I was impressed. That palooka’s skull was pretty thick.
Turning around, my eyes were blessed with the sight of a sweet little thing in an outfit that would have become part of her skin if she wore it any tighter. The girl was well-endowed to begin with, but the bustier she had laced herself in now made her bosom impersonate the thick head of ale poured too quickly. It was hard not linger on her breasts as she leaned over the lip of the bottom Dutch door, trying to find out what all the hubbub was without leaving her coat check station. It was also hard not to linger because, on account of her leaning, I was eye-level with her chest.

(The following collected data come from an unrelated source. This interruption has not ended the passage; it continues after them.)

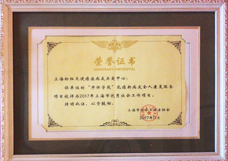 3月20日国际社工日,粉红天使“开怀学苑”荣获上海市优秀社工服务项目。此奖项是由上海市社工协会颁发,是社工领域中的最高奖项。“开怀学苑项目”经过申报、推荐、初选、投票、公示、答辩等重重环节,从68个选送项目中脱颖而出。
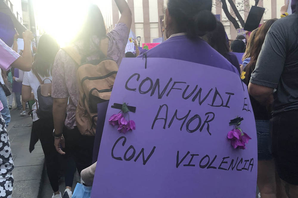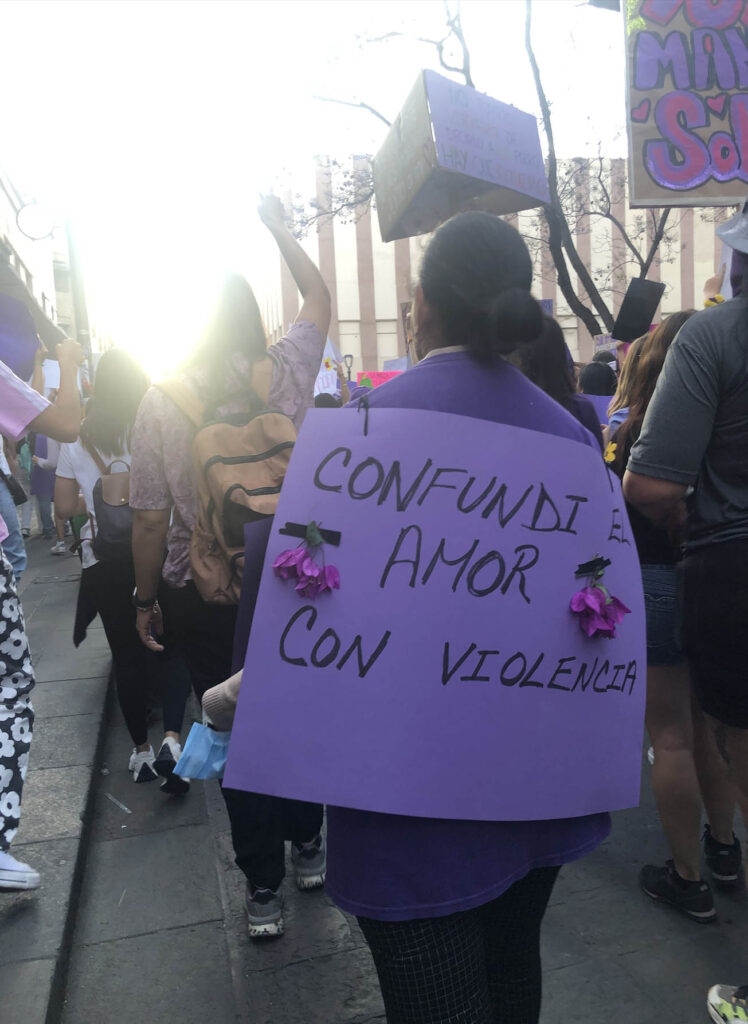 “Confundí el amor con violencia” fue el mensaje que una mujer ya entrada en años escribió en una cartulina. Con su mensaje en la espalda caminó por el Centro Histórico, donde levantó la voz por ella y por tantas otras que han sobrevivido a los diferentes tipos de violencia machista.
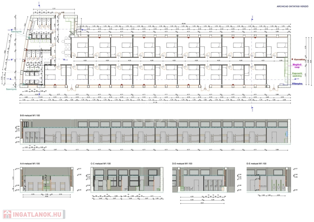Az ingatlan nemcsak munkásszállóként funkcionálhat, hanem irodai célra is átalakítható, vagy hosszú távú befektetési lehetőséget is kínál.
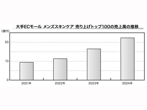 メンズコスメ市場が拡大している。「Nint ECommerce(ニントイーコマース)」のデータによると、大手ECモールでは21年から24年にかけて、メンズスキンケア市場が年々、拡大している(グラフ参照)。男性の美意識の変化を背景に、男性向けのスキンケアなどのコスメが続々と販売されている。男性は比較的、気に入った商品やブランドを長く愛用する傾向があるという。そんな男性の消費傾向を踏まえ、有力なメンズコスメブランドは効果的にリピーターの育成に成功している。

Damn, I love being a dwarf!
“Daphnie?” I asked.
The girl’s baby blues were radiant, much like the thick mane of flaxen hair falling lightly about her shoulders in ringlets. Unfortunately, the radiance didn’t make it to the inside of her head. She stared at me, maybe trying to figure out how a little guy like me could be causing so much commotion. Whatever mill was slowly grinding wheat in that head of hers, it wasn’t working hard enough! Not that I minded her hesitation…just meant I scored more time to enjoy the view.
This sweet picture of leaning out that Dutch door, which she created so well, was soon ruined with two words: “You’re short,” spoken with a voice that could shatter freshly blown glass.
My impulse reply would have been, “And you’re dumb, but you don’t hear me announcing your faults to the world,” but I had to think about this one. This was a girl who, every night, squeezed her slender self into this tight-fitting bar wench’s get-up, probably cutting off what little blood flow she had to her brain, and then spent said evening smiling for hours and saying “Take your hat and coat, sir?” She was paid for that shelf she called her chest and for looking good.
Then it dawned on me. Was this girl completely snowblinded, or was she smarter than she let on? After all, her job was easy money, and prese
nted the potential of meeting Mr. Right and his robust bank account.
Fighting my original impulse, I turned my reply around. “Actually, I’m Billi. Billi Baddings. I’m hoping you’re Daphnie.”
At that, she straightened up and rested her hands on the Dutch door. I could tell Daphnie didn’t like the fact that this guy—this short guy—knew her name without a proper introduction made. She clearly preferred the penguins with their slicked-back hair and expensive colognes, and I didn’t have a problem with that. I did have a problem with this girlie’s attitude, which was making my job as much of a bitch as she was.
“Look, Daphnie, I’m not going to keep you long, so long as we talk like pals and you be honest with me. Otherwise, I’m going to have to come back here at another time. Say, during your shift?”
“You wouldn’t get past the door.”
I looked over my shoulder to the doorman, still on the floor. I could see his arms reaching up for a makeshift ice pack the bartender threw together for him.
I turned back to Daphnie with a wry grin. “Wouldn’t I?”
Frowning, Daphnie opened the door for me and disappeared into her makeshift office, a tiny table with stacks of cash and an adding machine. I watched her return to her desk in the corner of the now-empty coat room, situating herself in as comfortable a manner as her snug wardrobe allowed.
After loosing at me an extremely apprehensive look, Daphnie hiked up her already-short skirt, and I now lingered on her legs, which looked powerful. (Even the definition in her calves had definition!) With no further regard to me, she resumed tracking different tickets from the previous night’s clientele, separating from a rather healthy cash pile the pay going to numerous club employees. A lot of things went down in these keeps of bootleg booze, gambling, and just about anything else the President would prefer not to have in his beloved realm. From the look of her tips, she apparently did a bit more than check hats and coats, and was very good at it.